While working in Texas last month, I had the good fortune to visit the Dallas Museum of Art. I found a few paintings that reminded me of works from The Phillips Collection, and thought they made nice pairings.
In the summers of 1907 and 1910, Robert Henri traveled to Haarlem, The Netherlands, where he painted many portraits of the local people, including these two works which may be the same sitter. Henri described young Cori here as “a little white headed broad faced red cheeked girl…always laughing.”
Edward Hicks painted more than one hundred versions of this subject, which illustrates his favorite biblical passage—Isaiah’s prophecy (Isaiah 11:6-9), an allegory of spiritual and earthly harmony.

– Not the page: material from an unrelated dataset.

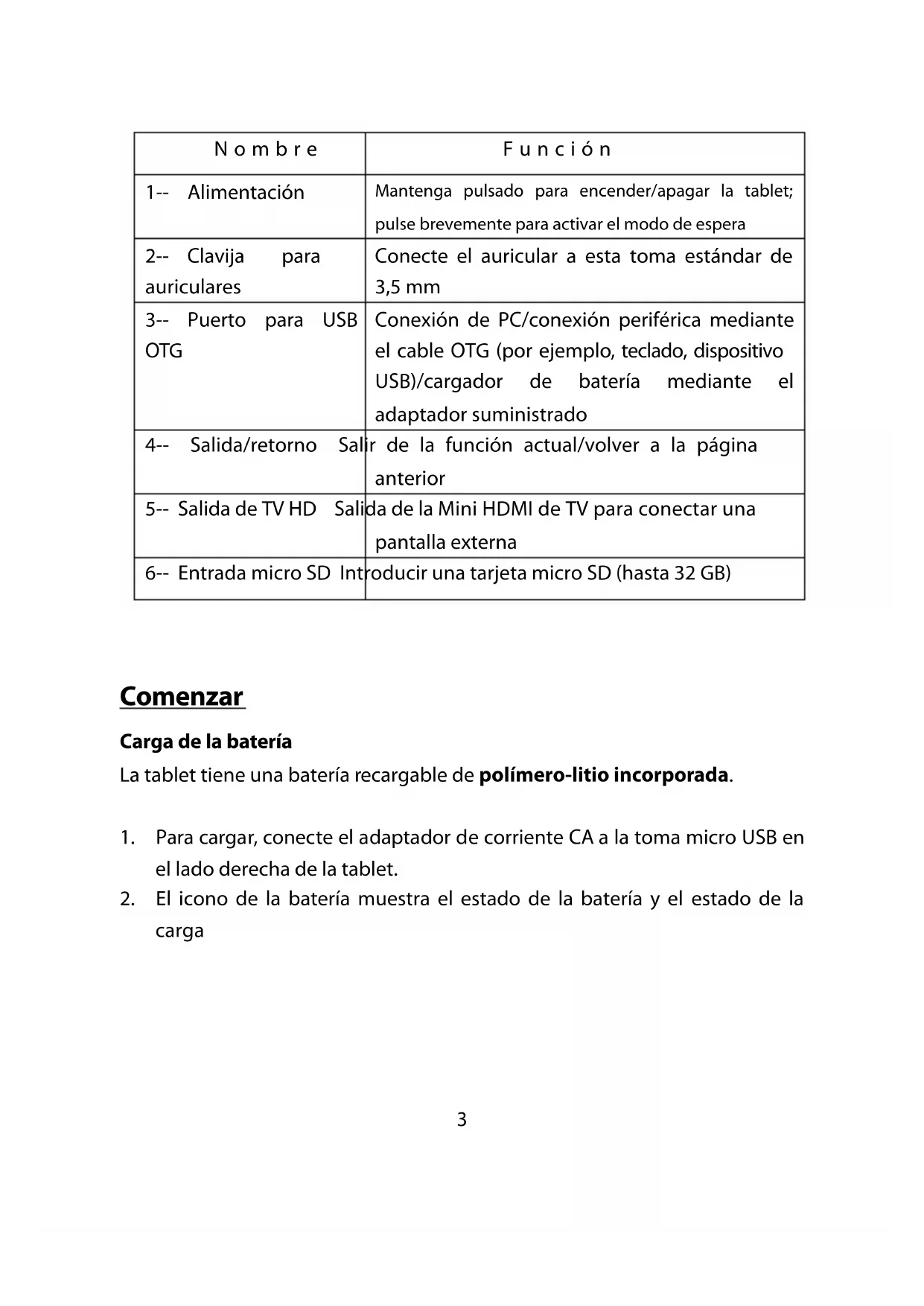 | 3-- Puerto para USB OTG | Conexión de PC/conexión periférica mediante el cable OTG (por ejemplo, teclado, dispositivo USB)/cargador de batería mediante el adaptador suministrado |

Between 1911 and 1924, George Bellows painted eleven portraits of his wife, Emma Story Bellows (1884–1959). The works from the 1920s were created in Woodstock, New York, where the couple summered. These mature portraits reflect Bellows’s admiration for the Old Masters, Thomas Eakins, and contemporary color theories.
After establishing himself in the 1920s as the world’s foremost watercolorist, John Marin began painting oils in the 1930s. These paintings reveal Marin’s renowned ability to capture his immediate impression of a powerful seascape along the rocky Maine coast.